Demikian juga dengan keterbukaan (open govermance), penyelenggara yang membuka diri terhadap hak masyarakat, tidak diskriminatif tentang penyelenggaraan negara dengan tetap memperhatikan perlindungan atas hak asasi pribadi, golongan, dan rahasia negara.
Dalam meminimalisir, dan mengembangkan kesamaan hak dalam pelayanan publik, yang tidak kalah penting adalah keterlibatan masyarakat, partisipasi masyarakat mesti ditingkatkan. Khusus untuk penyelenggaraan pemerintah daerah misalnya, ketentuan Pasal 3 PP No 45 Tahun 2017 tentang Partisipasi Masyarakat Dalam Penyelenggaraan Pemerintahan daerah menyebutkan, bahwa partisipasi masyarakat dapat dilakukan melalui; konsultasi public, penyampaian aspirasi, rapat dengan pendapat umum, kunker, sosialisasi dan atau seminar, lokakarya, dan atau diskusi.
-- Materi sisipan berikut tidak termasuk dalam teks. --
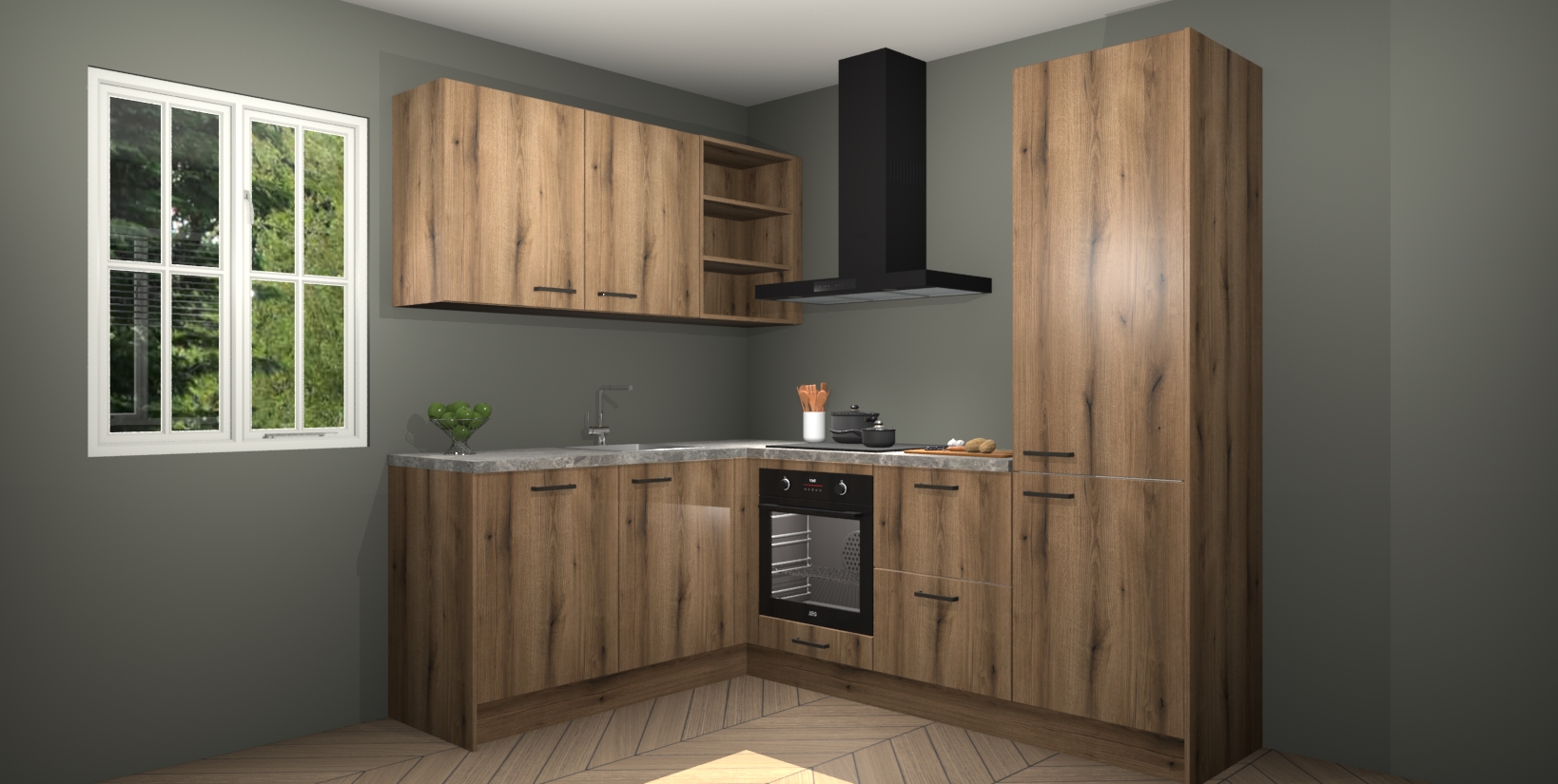 Maak kennis met de Goud Eiken keuken Boekarest, een moderne hoekkeuken waar al uw vrienden en familie jaloers op zullen zijn! Het verbluffende mooie ontwerp past in elk interieur en is een ideale keuze voor wie op zoek is naar een klassieke, maar verfijnde look.

Regulasi lainnya, Pasal 18 UU No 25 Tahun 2009 tentang Pelayanan Publik menegaskan, bahwa diantara bentuk hak atau partisipasi masyarakat adalah terlibat dalam menyesusunan standar pelayanan publik. Dan yang tak kalah penting adalah masyarakat juga berhak atau dapat berpartisipasi dalam bentuk mengadukan penyelenggara yang melakukan penyimpangan standar pelayanan dan atau tidak memperbaiki pelayanan kepada Pembina penyelenggara dan Ombudsman.
Jadi dalam mewujudkan layanan publik untuk semua atau kesamaan hak dalam pelayanan masyarakat perlu diedukasi hingga mengetahui haknya untuk dilayani dengan baik, masyarakat mesti berdaya dihadapan penyelenggara, kritis dan tidak mau menerima begitu saja jika diperlakukan diskriminatif. Berani lapor itu baik.